Thread race crash in FenceOcclusionTests() / WaitOcclusionTests()

Development Rendering
, ,
1

(This is something I’ve already added code locally to fix.)

Over the past two weeks, we have been getting a number of crash dumps posted with different exact callstacks and crash locations, but all consistently somewhere within FSceneRenderer::WaitOcclusionTests(). I spent some time investigating and found that the wait loop was failing to ever reach ViewStateFenceCount <= FencesAllowedInQueue and exit the do/while loop. The FenceToWaitOn keeps getting decremented to negative values, and eventually we crash trying to access whatever happens to be right before that array in the heap. (Explaining why the actual crash is different each time).

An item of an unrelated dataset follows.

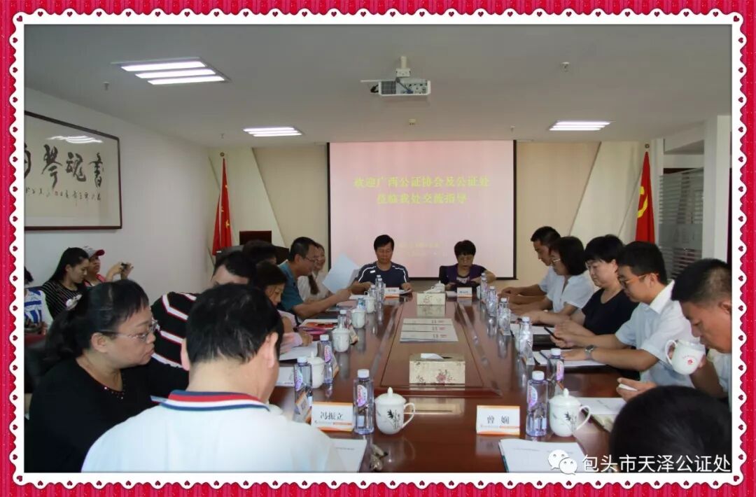 2018年8月23日上午,广西公证协会会长何月娟及公证处同仁一行17人在包头市昆都仑区司法局基层科科长孙淑敏、律公科副科长张俊青的陪同下莅临包头市天泽公证处交流指导。

I added additional tracking and discovered that between the first loop within that function where ViewStateWaitCount is computed, and the second loop where it waits on the fences, the OcclusionSubmittedFence array can be modified by another thread executing a FenceOcclusionTests RDG task:

[Image Removed]

[Image Removed]

(OcclusionSubmittedFencesBeforeWaitis copied from OcclusionSubmittedFence at the beginning of the function, before we count up ViewStateFenceCount.)

In most situations, this wouldn’t lead to a crash, since the wait loop always starts from the end of the array anyway. Theoretically you could end up exiting the loop before waiting on the new fence 0 if it has the same ViewStateUniqueID as the wait loop. However, it doesn’t seem likely that we’d be adding a fence for a view after we’ve already started waiting on it. For a crash to occur, you’d somehow have to have the timing perfect such that the fence for the correct view being pushed back from index [N] to [N+1] precisely as the wait loop iterates down from [N+1] to [N].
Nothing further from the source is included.